WHAT YOU WILL DO
Return only the lines from the start of the records through the line that contains "In den Technikräumen", inclusive; leave out all pictures.

[Data records]

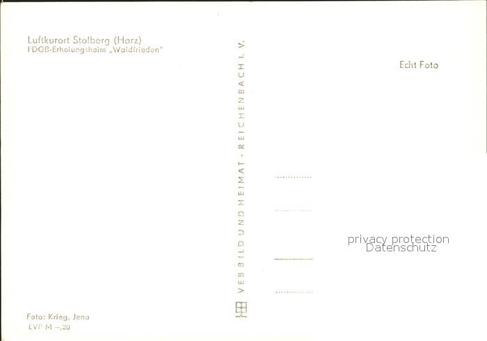 72017762 Stolberg Harz FDGB Erholungsheim Waldfrieden postalisch nicht gelaufen Erhaltung siehe scans KatCode: 11110015087410
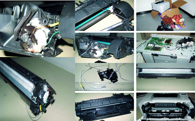 صورة مركبة لمراحل تفكيك طابعة الكمبيوتر التي تحوي مواد متفجرة داخل الحبر الخاص. من المصدر
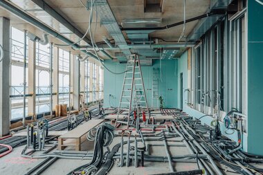 In den Technikräumen werden derzeit die Geräte angeschlossen und verkabelt. Ein essenzieller Schritt, um die Infrastruktur des Gebäudes mit Leben zu füllen.
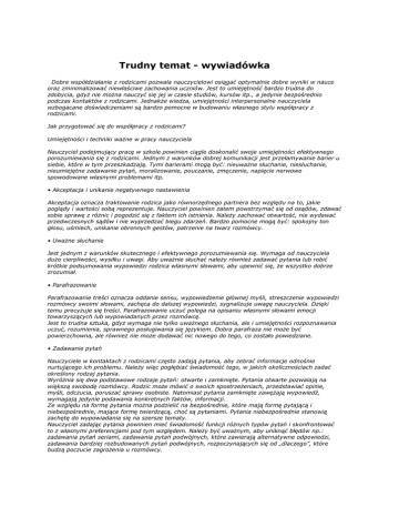 Trudny temat - wywiadówka Dobre współdziałanie z rodzicami pozwala nauczycielowi osiągać optymalnie dobre wyniki w nauce oraz zminimalizować niewłaściwe zachowania uczniów. Jest to umiejętność bardzo trudna do zdobycia, gdyż nie można nauczyć się jej w czasie studiów, kursów itp., a jedynie bezpośrednio podczas kontaktów z rodzicami. Jednakże wiedza, umiejętności interpersonalne nauczyciela wzbogacane doświadczeniami są bardzo pomocne w budowaniu własnego stylu współpracy z rodzicami. Jak przygotować się do współpracy z rodzicami? Umiejętności i techniki ważne w pracy nauczyciela Nauczyciel podejmujący pracę w szkole powinien ciągle doskonalić swoje umiejętności efektywnego porozumiewania się z rodzicami. Jednym z warunków dobrej komunikacji jest przełamywanie barier u siebie, które w tym przeszkadzają. Tymi barierami mogą być: nieuważne słuchanie, niesłuchanie, nieumiejętne zadawanie pytań, moralizowanie, pouczanie, zmęczenie, napięcie nerwowe spowodowane własnymi problemami itp. • Akceptacja i unikanie negatywnego nastawienia Akceptacja oznacza traktowanie rodzica jako równorzędnego partnera bez względu na to, jakie poglądy i wartości sobą reprezentuje. Nauczyciel powinien zatem powstrzymać się od osądów, zdawać sobie sprawę z różnic i pogodzić się z faktem ich istnienia. Należy zachować otwartość, nie wydawać przedwczesnych sądów i nie wyprzedzać biegu zdarzeń. Bardzo pomocne mogą być: spokojny ton głosu, uśmiech, unikanie obronnych gestów, patrzenie na twarz rozmówcy. • Uważne słuchanie Jest jednym z warunków skutecznego i efektywnego porozumiewania się. Wymaga od nauczyciela dużo cierpliwości, wysiłku i uwagi. Aby uważnie słuchać należy również zadawać pytania lub robić krótkie podsumowania wypowiedzi rodzica własnymi słowami, aby upewnić się, że wszystko dobrze zrozumiał. • Parafrazowanie Parafrazowanie treści oznacza oddanie sensu, wypowiedzenie głównej myśli, streszczenie wypowiedzi rozmówcy swoimi słowami, zachęca do dalszej wypowiedzi, sygnalizuje uwagę nauczyciela. Dzięki temu precyzuje się treści. Parafrazowanie uczuć polega na opisaniu własnymi słowami emocji towarzyszących lub wypowiadanych przez rozmówcę. Jest to trudna sztuka, gdyż wymaga nie tylko uważnego słuchania, ale i umiejętności rozpoznawania uczuć, rozumienia, sprawnego posługiwania się językiem. Dobra parafraza nie może być powierzchowna, ale również nie może dodawać nic nowego do tego, co zostało powiedziane. • Zadawanie pytań Nauczyciele w kontaktach z rodzicami często zadają pytania, aby zebrać informacje odnośnie nurtującego ich problemu. Należy więc pogłębiać świadomość tego, w jakich okolicznościach zadać określony rodzaj pytania. Wyróżnia się dwa podstawowe rodzaje pytań: otwarte i zamknięte. Pytania otwarte pozwalają na większą swobodę rozmówcy. Rodzic może mówić o swoich spostrzeżeniach, przedstawiać opinie, myśli, odczucia, poruszać sprawy osobiste. Natomiast pytania zamknięte zawężają wypowiedź, wymagają jedynie podawania konkretnych faktów, informacji. Ze względu na formę pytania można podzielić na bezpośrednie, które mają formę pytającą i niebezpośrednie, mające formę twierdzącą, choć są pytaniami. Pytania niebezpośrednie stanowią zachętę do wypowiadania się na szersze tematy. Nauczyciel zadając pytania powinien mieć świadomość funkcji różnych typów pytań i skonfrontować to z własnymi preferencjami pod tym względem. Należy być uważnym, aby uniknąć błędów np.: zadawania pytań seriami, zadawania pytań podwójnych, które zawierają alternatywne odpowiedzi, zadawania bardziej rozbudowanych pytań podwójnych, rozpoczynających się od „dlaczego”, które budzą poczucie zagrożenia u rozmówcy. • Odpowiedzi Oprócz wymienionych wyżej umiejętności bardzo ważny jest sposób udzielania odpowiedzi. D. W. Johnson („Podaj dłoń” Polskie Towarzystwo Psychologiczne, Warszawa 1992) wyróżnił pięć form odpowiedzi: ocenę, interpretację, wsparcie, badanie – zadawanie pytań, rozumienie – parafrazowanie. Odpowiedź oceniająca wskazuje na to, że nauczyciel ocenił powagę przedstawionego przez rodzica problemu. Gdy jest użyta właściwie pozwala rodzicowi na ogląd problemu z innej perspektywy, określenie jego rozmiaru. Musi być przekazana w sposób taktowny i niezagrażający. Lecz zastosowana niewłaściwie może dać odczuć rodzicowi, że się ośmieszył, wykazał niewiedzą, naiwnością. Odpowiedź interpretująca wskazuje na to, że nauczyciel chce wyjaśnić rodzicowi znaczenie opisanych przez niego zachowań, problemów. Aby była dla rodzica pomocna musi być sformułowana w odpowiedni sposób – niezagrażający, aby rozmówca nie czuł się upokorzony, obwiniony za problemy dziecka. Odpowiedź wspierająca to taka, której intencją jest uspokojenie rozmówcy, zmniejszenie intensywności jego negatywnych emocji, pocieszenie, okazanie współczucia. Takich odpowiedzi potrzebują najbardziej rodzice sprawiający wrażenie bezradnych, zagubionych. W kontaktach z rodzicami należy stosować wszystkie rodzaje odpowiedzi, w zależności od sytuacji. Często bardzo skuteczne okazuje się stosowanie wypowiedzi „ja”. Składa się ona z trzech części: rzeczowego opisu zachowania, z opisu bezpośrednich, niepożądanych skutków tego zachowania oraz z opisu uczuć, które dane zachowanie wywołało u osoby zgłaszającej problem. Wypowiedzi typu „ja” dają większą szansę zmiany zachowania rodzica, bo nie są zagrażające i poniżające, tak jak wypowiedzi typu „ty”. Otwartość i bezpośredniość komunikatów „ja” skłania rozmówcę do podobnej szczerości. Formy współpracy z rodzicami Spotkanie inaugurujące współpracę jest ważnym wydarzeniem zarówno dla rodziców jak i nauczyciela. Wrażenie wywarte w czasie tego spotkan
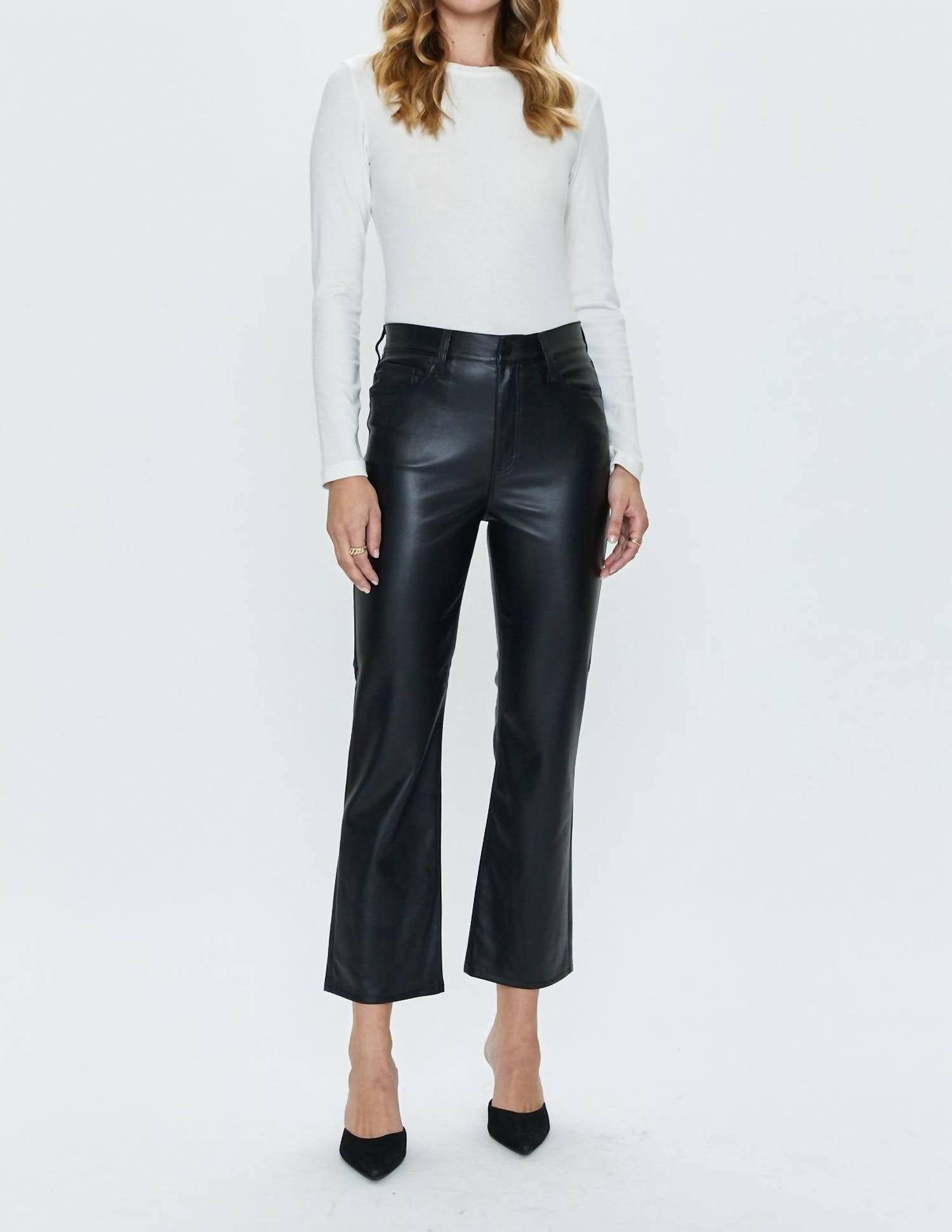 Just add boots! Elevate your wardrobe with the Pistola Lennon High Rise Cropped Boot Pant in Slate Black, a must-have for any stylish dinner party. Crafted from 100% Polyurethane, this slate black pant is sleek and chic with a bootcut leg that hugs you from the hips to the knee before flaring out for a flattering silhouette. Made in China, it features a zip fly with button closure and practical 5-pocket styling, making it as functional as it is fashionable. Designed in a buttery soft alt leather, it offers a comfortable fit with easy maintenance, being machine washable to keep you looking effortlessly polished.
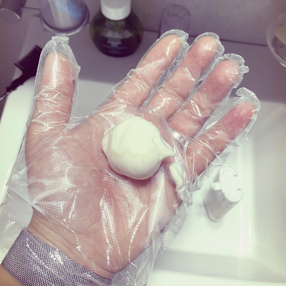 손에 분사시킨 염색약을 골고루 마사지하듯 골고루 발라줍니다.
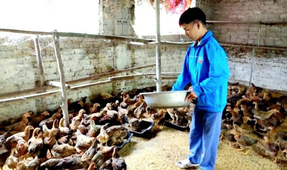 Mô hình chăn nuôi gà của anh Hoàng Kim Vị. Ảnh NVCC
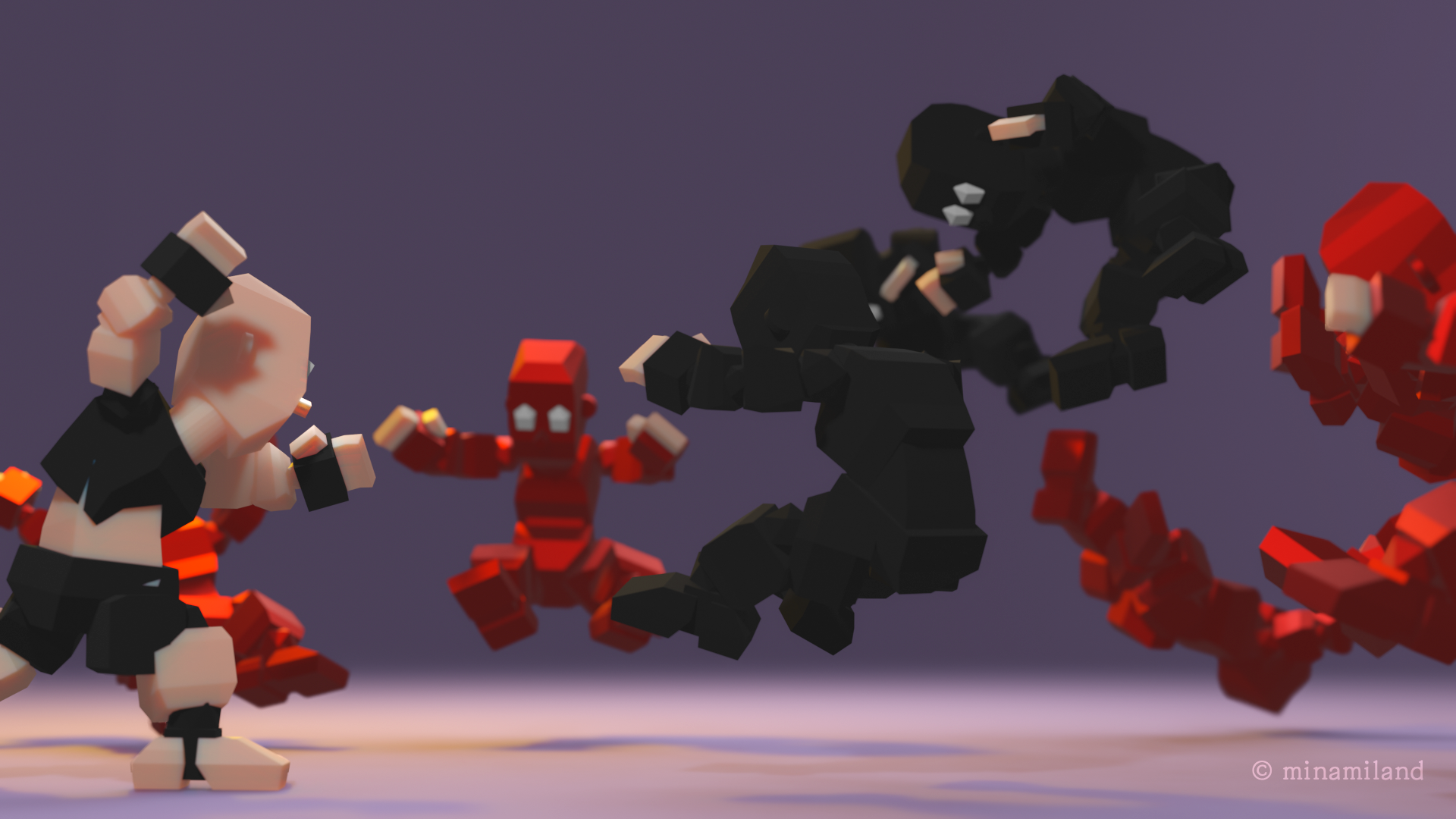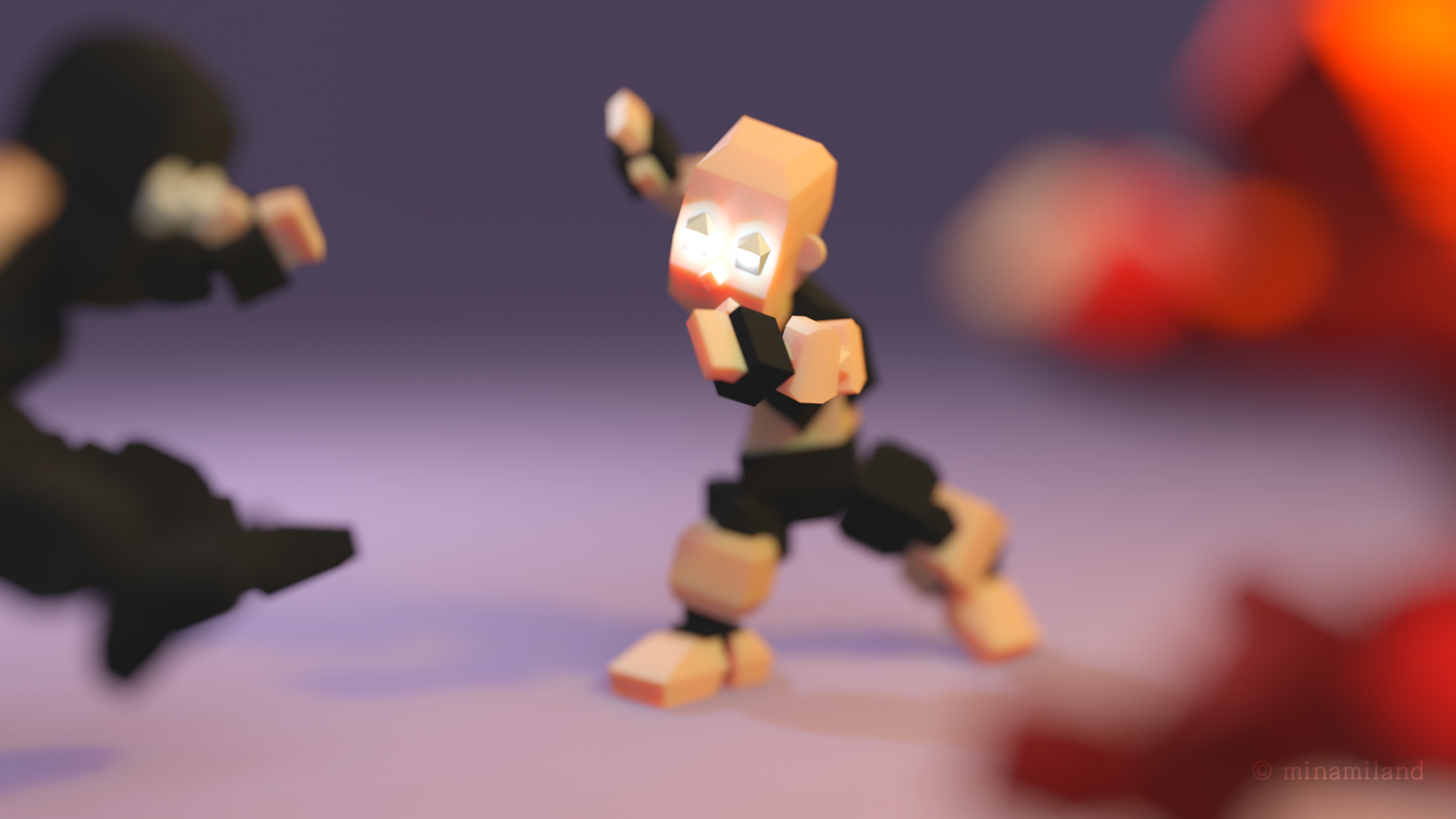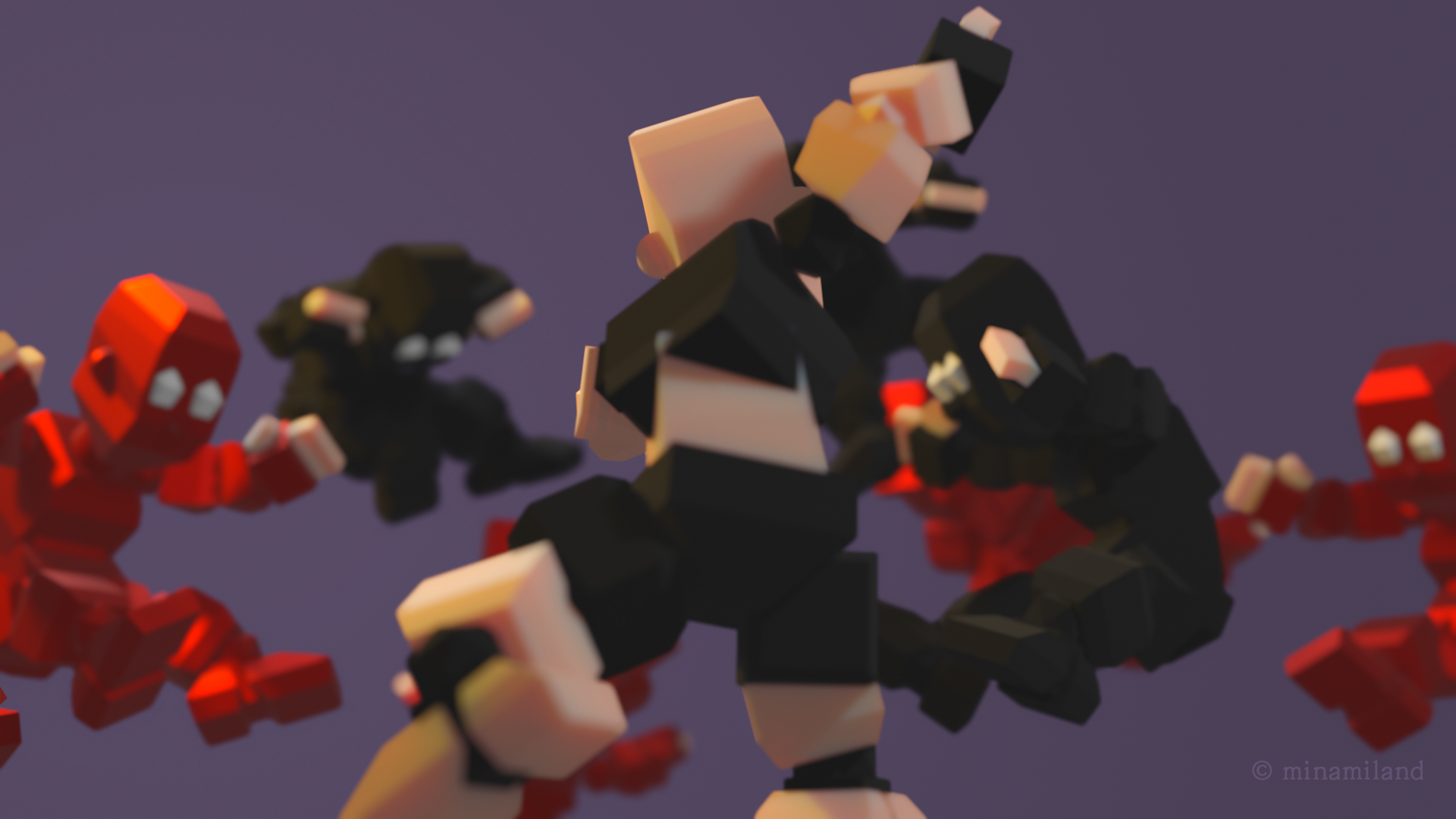 사방으로 바닥과 같은 톤으로 영역을 생성시키고 조명을 조정하고, 드디어 액션 배우들의 정렬

ANSWER FOR THIS EXERCISE
 72017762 Stolberg Harz FDGB Erholungsheim Waldfrieden postalisch nicht gelaufen Erhaltung siehe scans KatCode: 11110015087410
 صورة مركبة لمراحل تفكيك طابعة الكمبيوتر التي تحوي مواد متفجرة داخل الحبر الخاص. من المصدر
 In den Technikräumen werden derzeit die Geräte angeschlossen und verkabelt. Ein essenzieller Schritt, um die Infrastruktur des Gebäudes mit Leben zu füllen.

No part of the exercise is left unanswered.